Remix.run Logo
aragonite 11 hours ago

Do long sessions also burn through token budgets much faster?

If the chat client is resending the whole conversation each turn, then once you're deep into a session every request already includes tens of thousands of tokens of prior context. So a message at 70k tokens into a conversation is much "heavier" than one at 2k (at least in terms of input tokens).
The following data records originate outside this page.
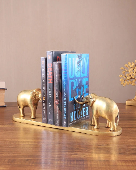 Brass Elephant Book Holder Pair Showpiece (Height :4.5 Inches)
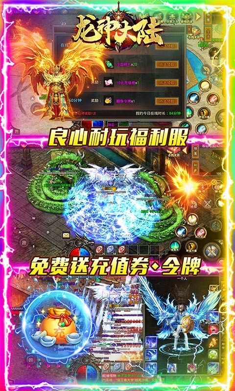 4.充值货币超级好打,地图多、装备爆率全面提升,上线送一整背包充值券,天天领无限抽奖券抽充值;
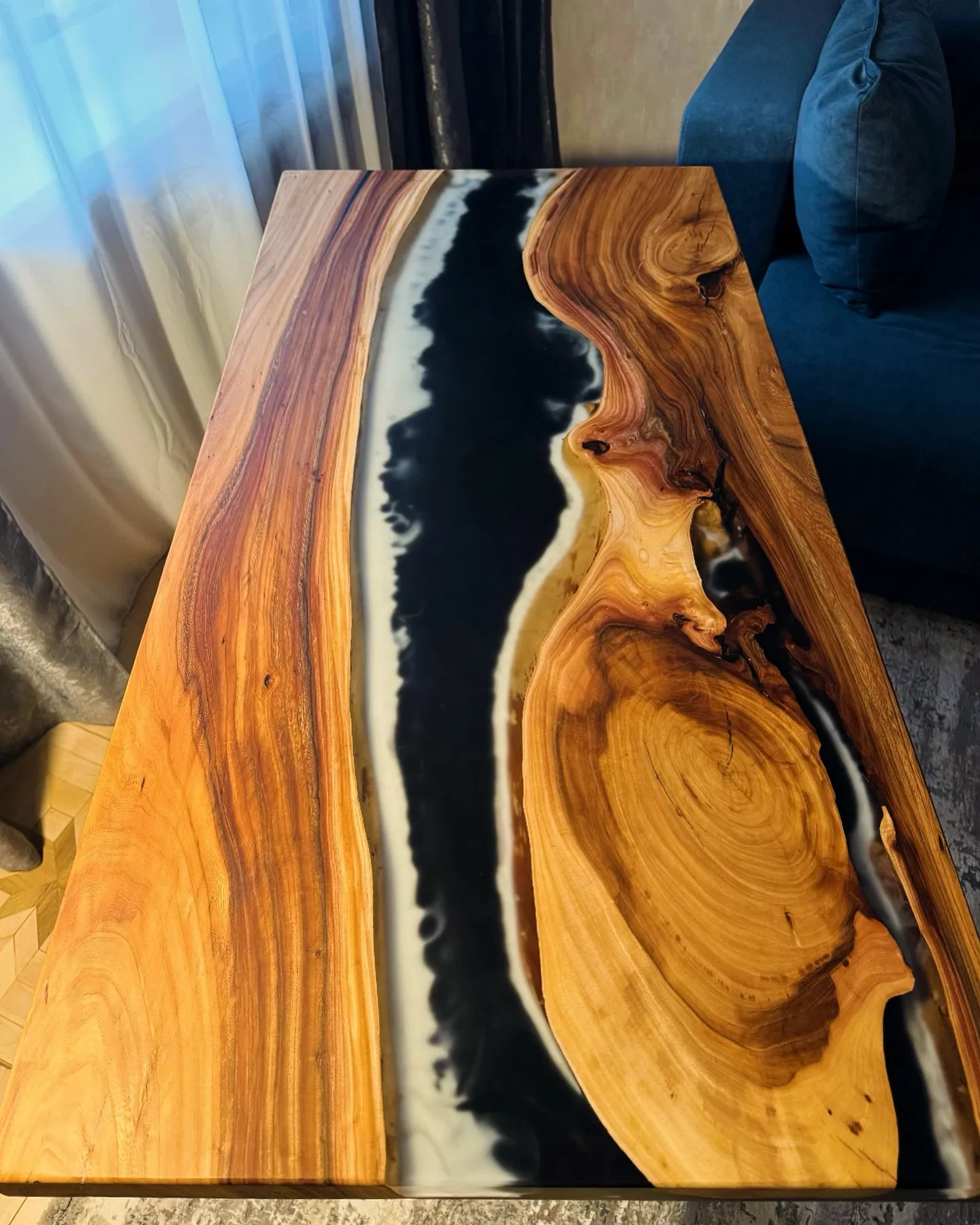 Эпоксидная смола черного цвета с белыми мраморными разводами проходит по центру столешницы, создавая эффектный контраст с теплыми оттенками ореха. Мраморные прожилки создают визуальную глубину и имитируют рисунок натурального камня. Прозрачность смолы позволяет видеть текстуру древесины в местах соединения, создавая многослойность.
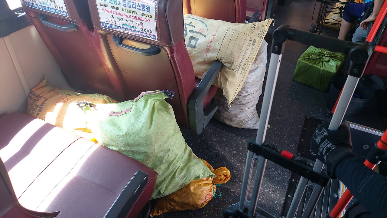 중고등학교도 읍에 몰려있는지라 정류장마다 학생들이 계속 올라탄다. 선후배 사이들이라 제법 깍듯하다. 어르신들도 계속 탄다. 간단한 인사말, 근황 소식들이 오간다. 어떤 노부부는 마대자루에다가 말린 고추를 한가득 담아 버스에 올랐다. 버스정류장은 ‘길두’, ‘호형’, ‘장수’처럼 마을이름을 차용하다 보니, 뒤에서 보고 있노라면 여기는 이쪽 마을 사람, 저기는 저쪽 마을 사람 등등 모여 다 같이 고흥읍으로 나가고 있는 모양새다. 이곳은 ‘만남의 광장’, 아니 ‘만남의 버스’다.

Yes?

dathery 11 hours ago | parent | next [-]

That's correct. Input caching helps, but even then at e.g. 800k tokens with all of them cached, the API price is $0.50 * 0.8 = $0.40 per request, which adds up really fast. A "request" can be e.g. a single tool call response, so you can easily end up making many $0.40 requests per minute.
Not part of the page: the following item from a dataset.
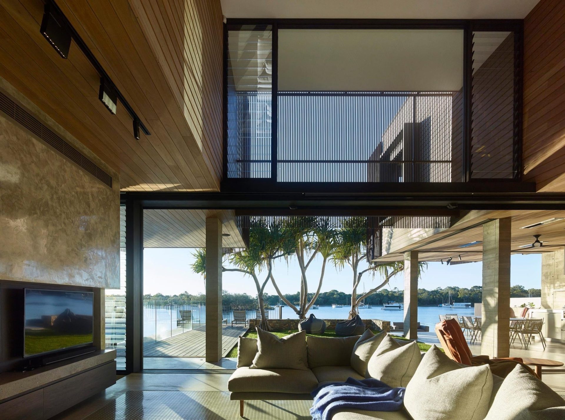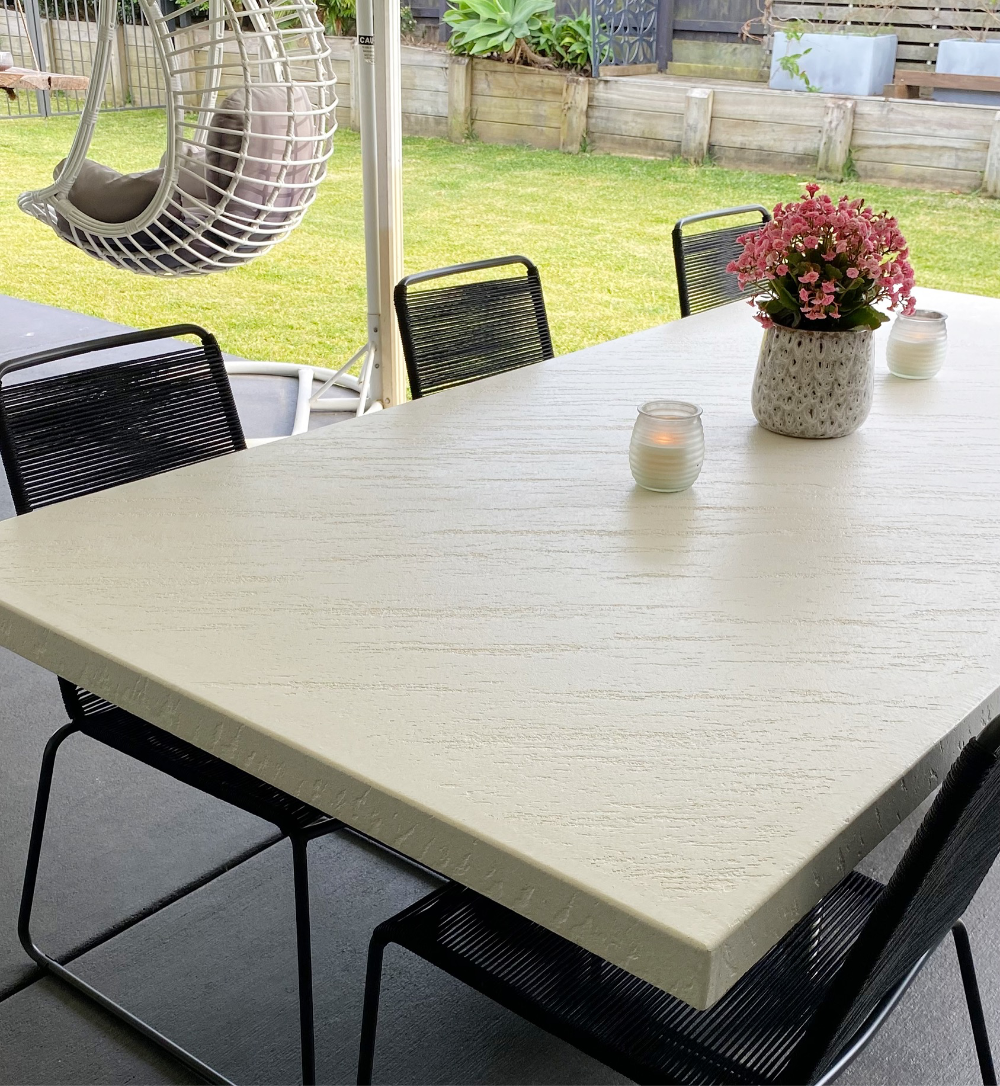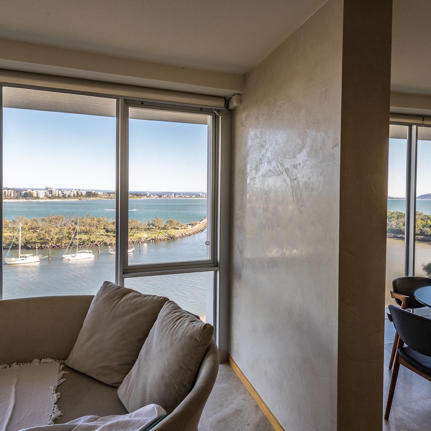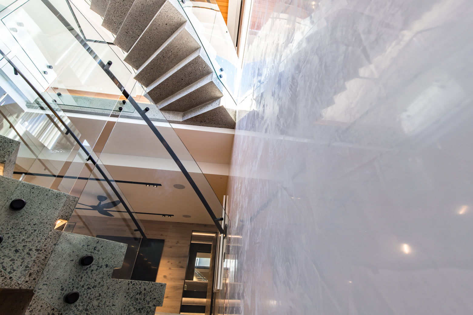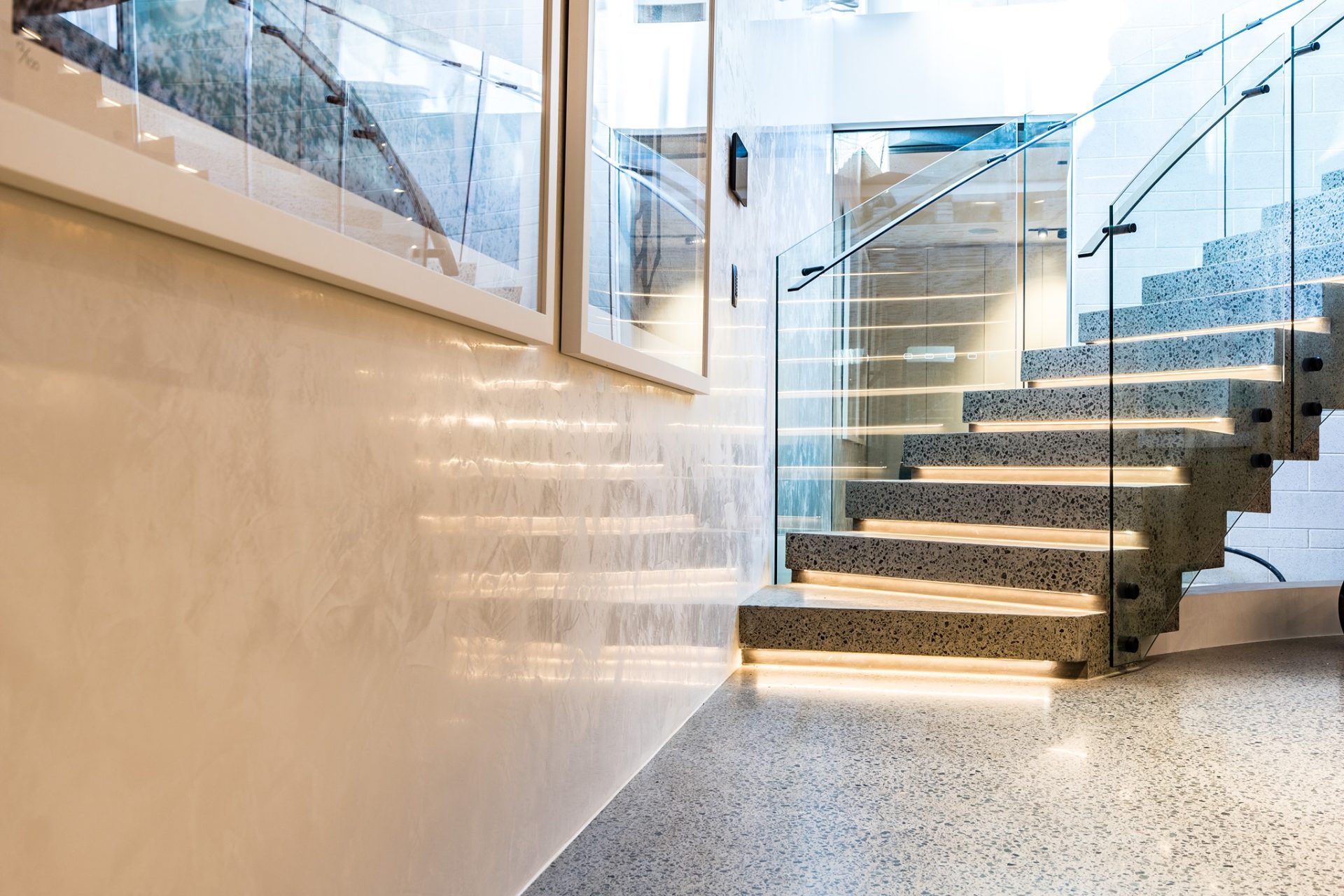 Tadelakt feature wall in dark grey, rough finish with water based polyurethane sealer.

acjohnson55 10 hours ago | parent [-]

Interesting, so a prompt that causes a couple dozen tool calls will end up costing in the tens of dollars?

isbvhodnvemrwvn 5 hours ago | parent [-]

Not necessarily, take a look at ex OpenApi Responses resource, you can get multiple tool calls in one response and of course reply with multiple results.

jasondclinton 11 hours ago | parent | prev [-]

If you use context cacheing, it saves quite a lot on the costs/budgets. You can cache 900k tokens if you want.